Look over the world today, comparing different countries with each other, and you will see that it is not the abundance of capital nor the productiveness of labour that makes wages high or low, but the extent to which the monopolizers of land can, in rent, levy tribute upon the earnings of labour.

Is it not a fact that new countries, where the aggregate wealth is small but where land is cheap, are always better countries for the labouring classes than the rich countries, where land is dear?

In the new settlements, where land is cheap, you will find no beggars, and the inequalities in condition are very slight. In the great cities, where land is so valuable that it is measured by the foot, you will find the extremes of poverty, and of luxury. And this disparity in condition between the two extremes of the social scale may always be measured by the price of land. Compare the same country in different times, and the same, relation is obvious.

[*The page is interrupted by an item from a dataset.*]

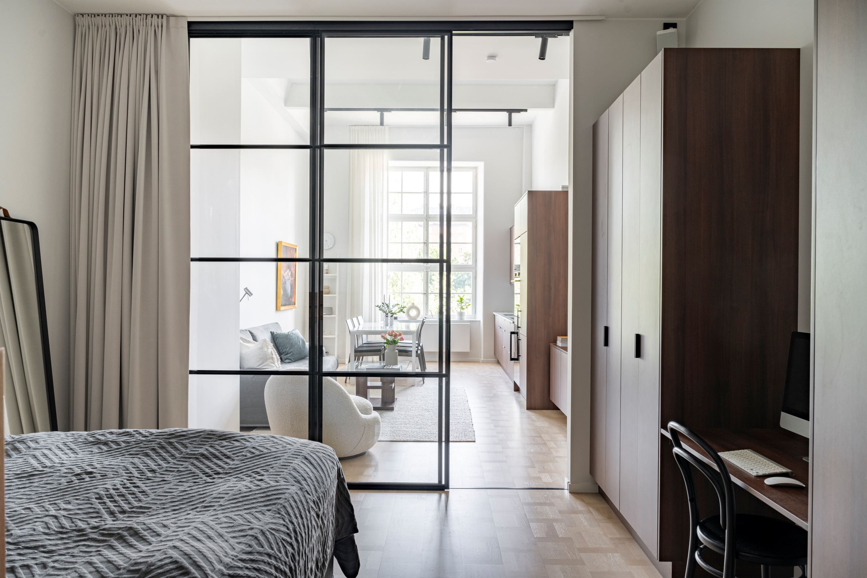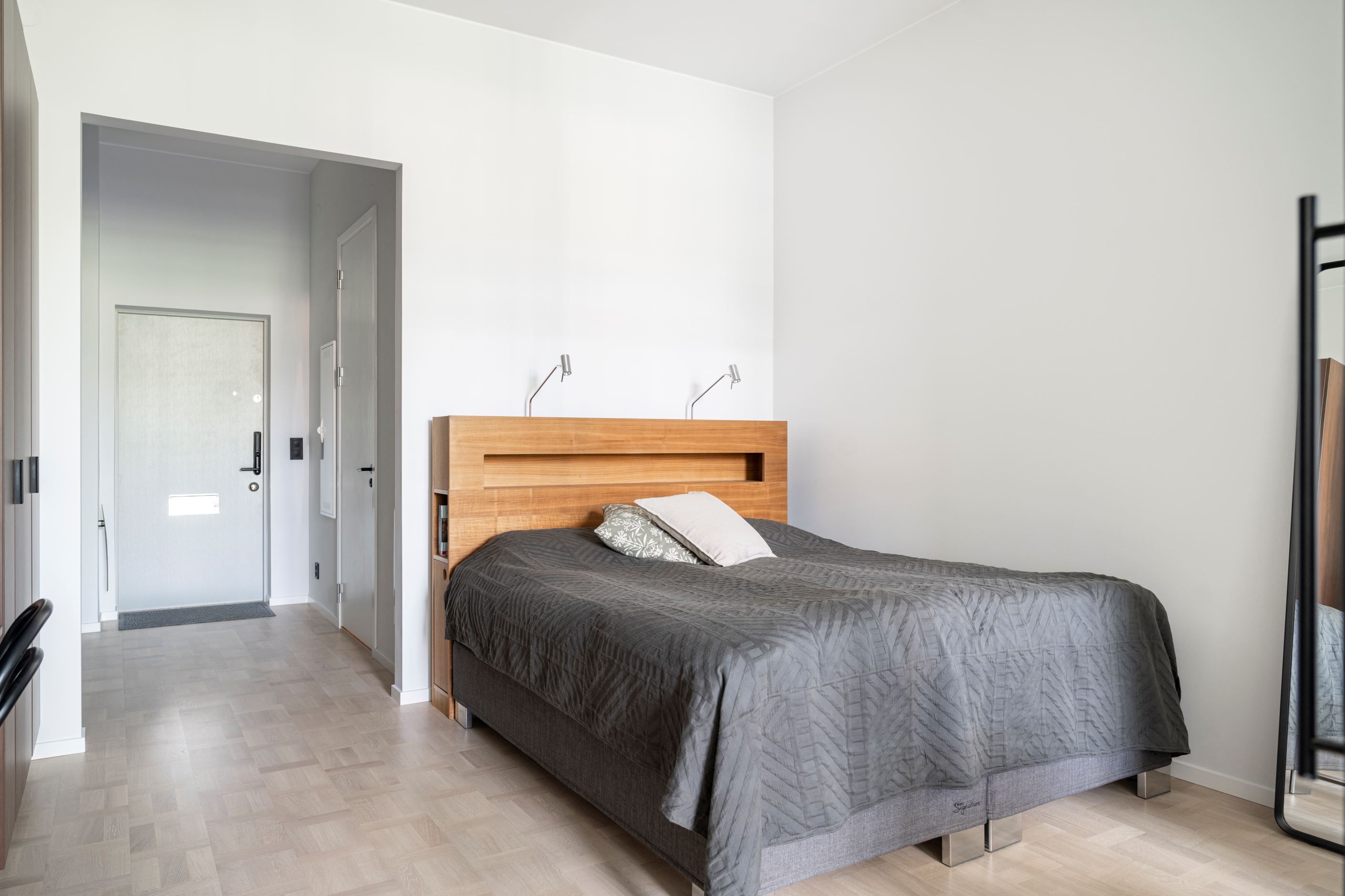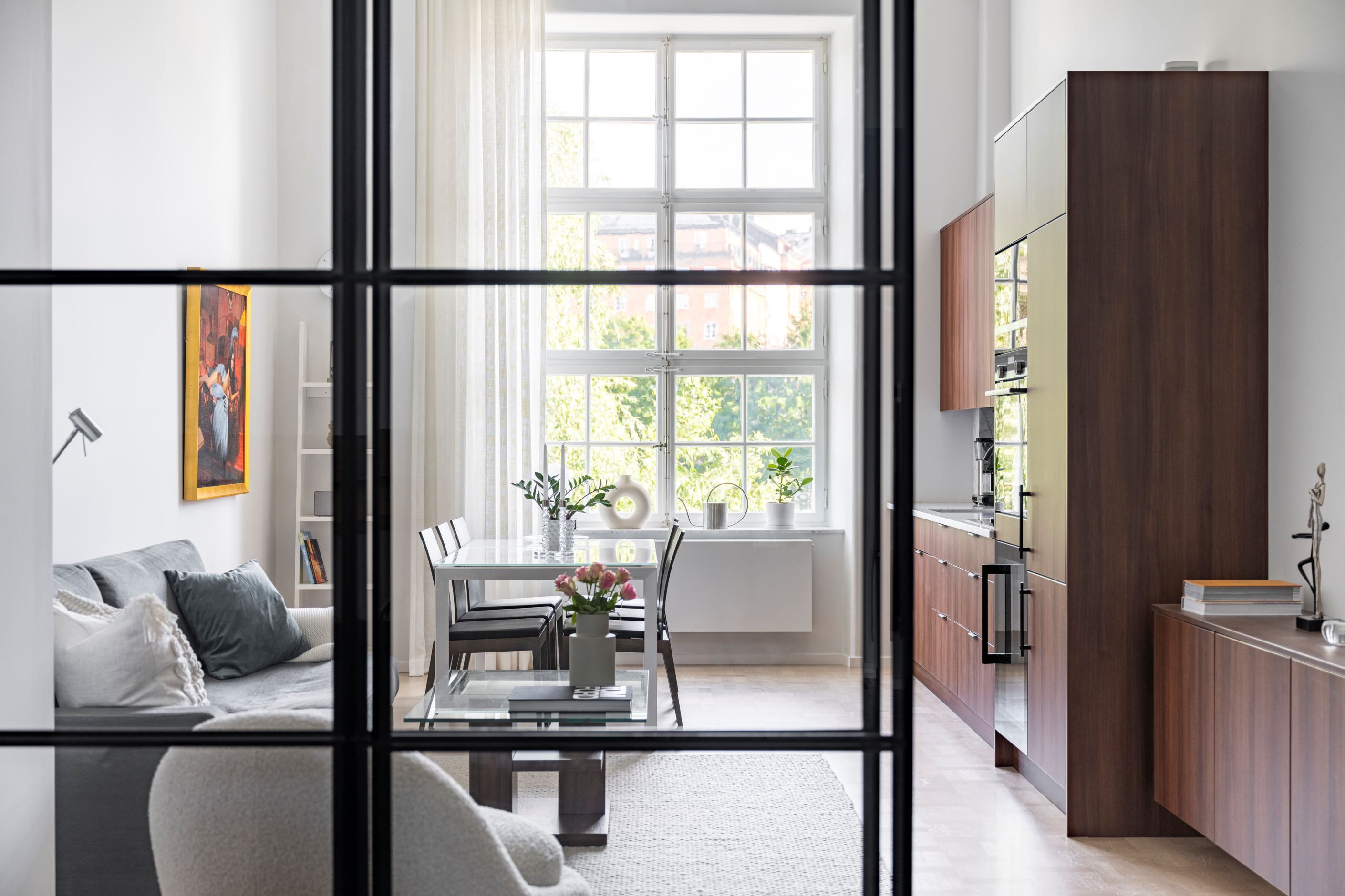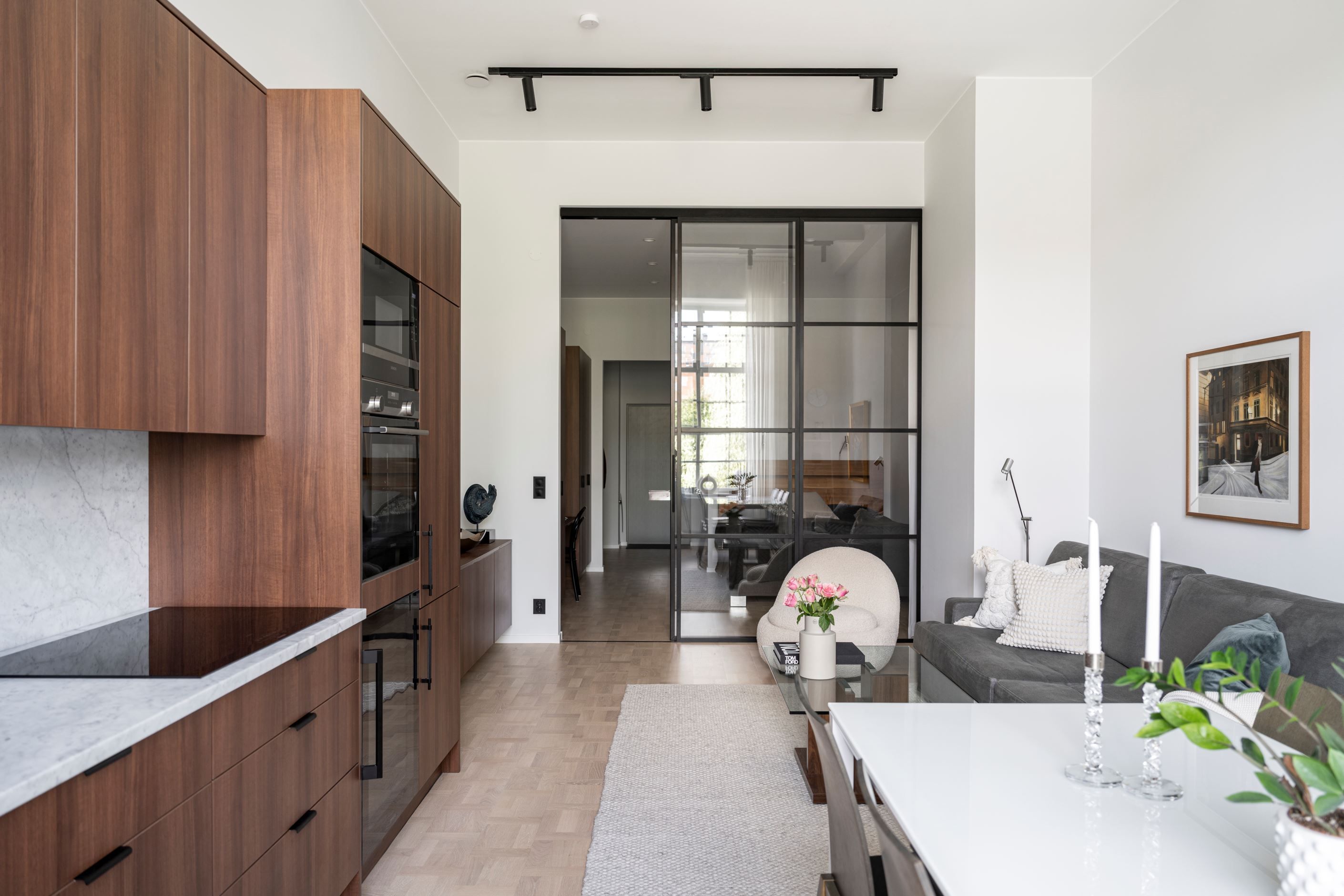 Planlösningen är väldisponerad med generöst med sociala ytor men även en privat sovdel och gott om förvaring. Köket är platsbyggt av Sjöö Fabriksbolag i Solna. Bänkskivan är i sten med nedsänkt diskho och skåpluckor i valnöt. Badrummet har en lyxig hotellkänsla med granitkeramik på både golv och väggar. I duschen finns en unidrain och duschdörrarna går att vika i två steg vilket är mycket praktiskt när duschen inte används. På golvet i resten av lägenheten ligger stavparkett i ljust pigmenterad ek och väggarna är målade.

There is no mystery for example as to the cause to which so suddenly and so largely raised wages in California in 1849. It was the discovery of the placer mines in unappropriated land to which labour was free that raised the wages of cooks in San Francisco restaurants to $500 a month, and left ships to rot in the harbour without officers or crew until their owners would consent to pay rates that in any other part of the globe seemed fabulous. Had those mines been on appropriated land, or had they been immediately monopolized so that rent could have arisen, it would have been land values that would have leaped upwards, not wages. The Comstock Lode (1) has been richer than the placers, but the Comstock Lode was readily monopolized, and it was only by virtue of the strong organization of the miners' association and the fears of the damage which it might do, that men were enabled to get four dollars a day before they would parboil themselves two thousand feet underground, where the air that they breathed had to be pumped down to them. The wealth of the Comstock Lode has added to rent. The selling price of those mines has run into hundreds of millions, and it has produced individual fortunes whose monthly returns can only be estimated in hundreds of thousands, if not in millions.

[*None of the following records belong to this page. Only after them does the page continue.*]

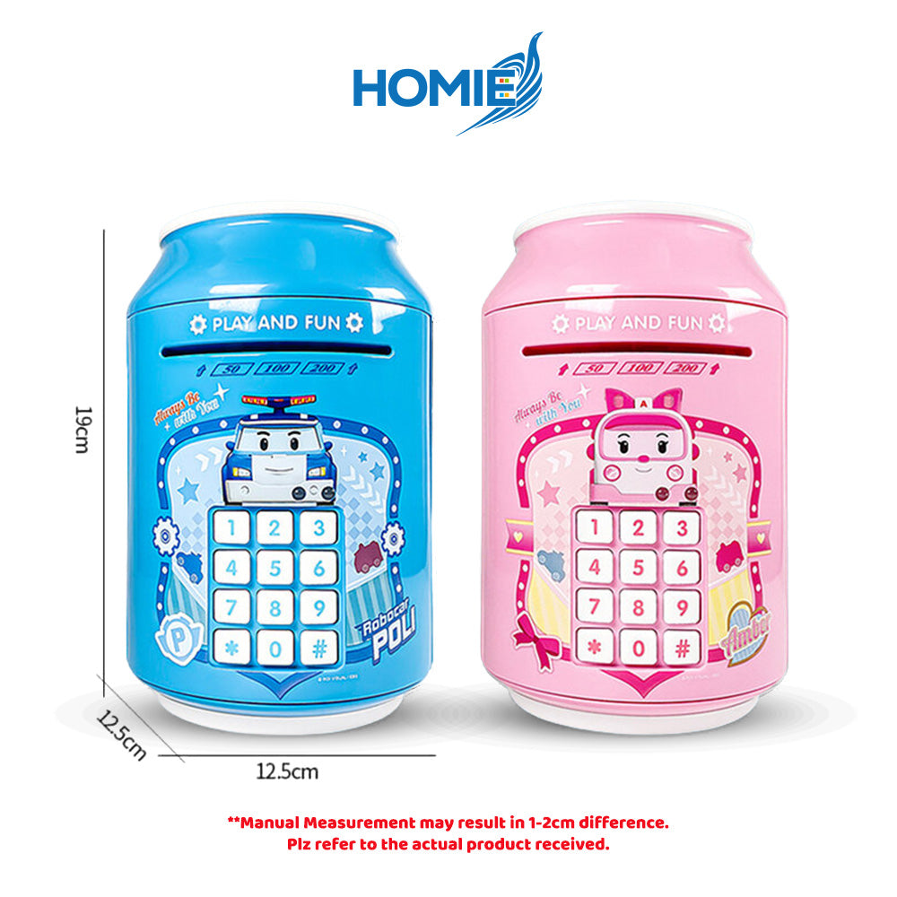 Teach your kids the value of money in a fun, interactive way with the HOMIE Digital Piggy Bank! Designed like a cute soda can with a personalized theme (Police Car for Blue, Princess Car for Pink), this innovative bank features a password-protected ATM lock and a coin slot/paper money slot. It's more than just a savings boxβ€”it's a smart, secure way for children to manage their allowance and set saving goals!
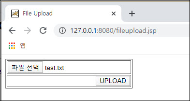 fileupload.jsp 페이지에서 test.txt 파일을 업로드한 후 [UPLOAD] 버튼을 클릭하면
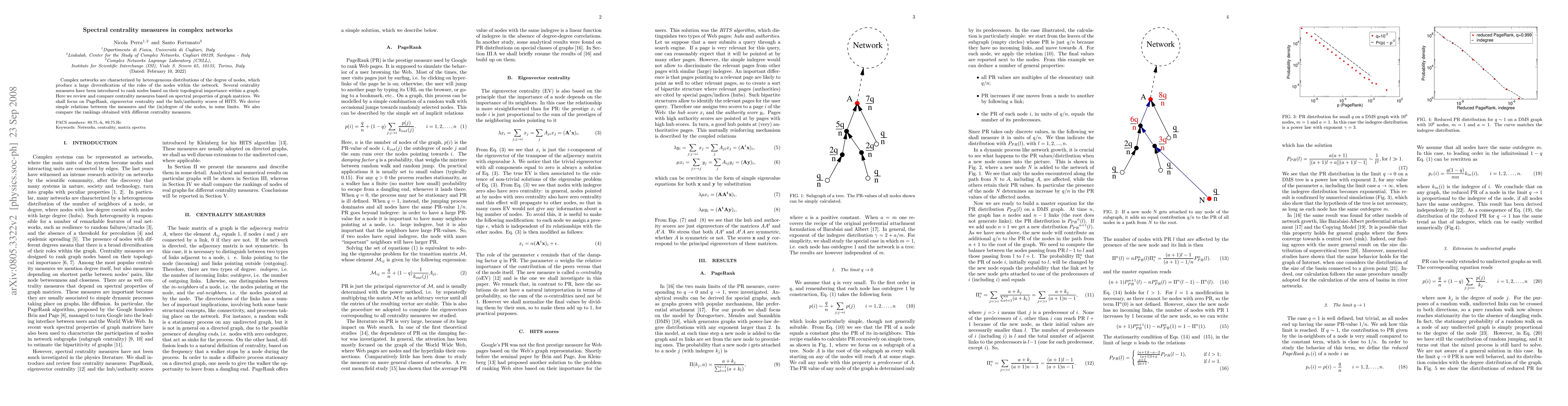 This paper reviews and compares centrality measures—PageRank, eigenvector centrality, and HITS—based on spectral properties of graph matrices, analyzing their rankings and relationships with the degree of nodes in complex networks. The study derives simple relations between these measures and node degrees, highlighting their topological importance.
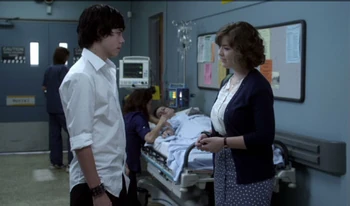 Eli and Clare in the hospital after Eli purposely crashes Morty for Clare.
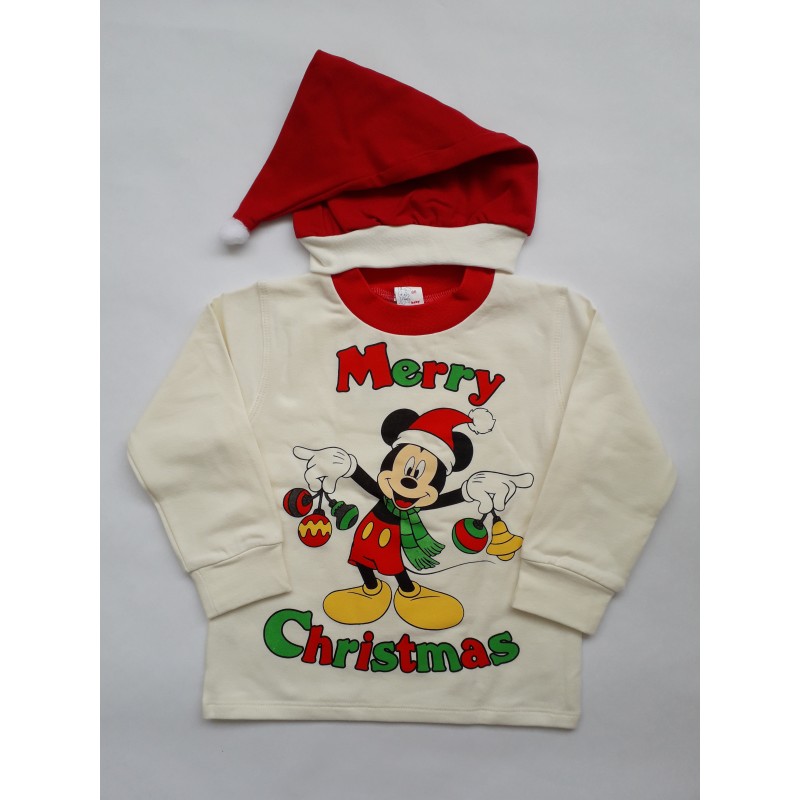 Симпатичен комплект от блузка с дълъг ръкав с Мини Маус и коледна шапка.
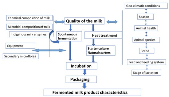 Milks of various mammal species are used for the manufacture of fermented milk products differ in chemical composition, including significant differences in parameters such as total solids, lactose, fat, protein, and mineral content (Table 1). There is great variation in the chemical composition of milk from the same species and many factors may affect the gross composition of milk; the factors most significantly affecting the processing of milk products are geo-climatic conditions, animal health, breed, feed, season, and the stage of lactation (Figure 1). Cow’s milk is the basis for most dairy fermented products around the world. Milk from other mammals, including sheep, goat, camel, mare, buffalo, and yak may have been historically more important and remain so in certain regions []. South European countries as well as many Asian, African, and other Mediterranean countries have centuries of tradition in small ruminant farming, such as ewes and goats, and a number of fermented dairy products are manufactured worldwide []. Likewise, milk and fermented milk products from domesticated animals such as yak are common dairy commodities in the Himalayas and neighboring regions []. There are other mammals used to produce fermented milk products worldwide, for example, the hybrid of domesticated yaks and cows in Kyrgyzstan, Tajikistan, Mongolia, Buryatia, Pakistan, and Tibet [].

(1)The Comstock Lode, a famous silver mine in Nevada, U.S.A., discovered in 1859.

Nor is there any mystery about the cause which has operated to reduce wages in California from the maximum of the early days to very nearly a level with wages in the Eastern States. The productiveness of labour did not decrease, on the contrary it increased; but out of what it produced, labour had to pay rent. As the placer deposits were exhausted, labour had to resort to the deeper ones and to agricultural land, but monopolization of those resources being permitted, men walked the streets of San Francisco ready to go to work for almost anything - for natural opportunities were no longer free to labour.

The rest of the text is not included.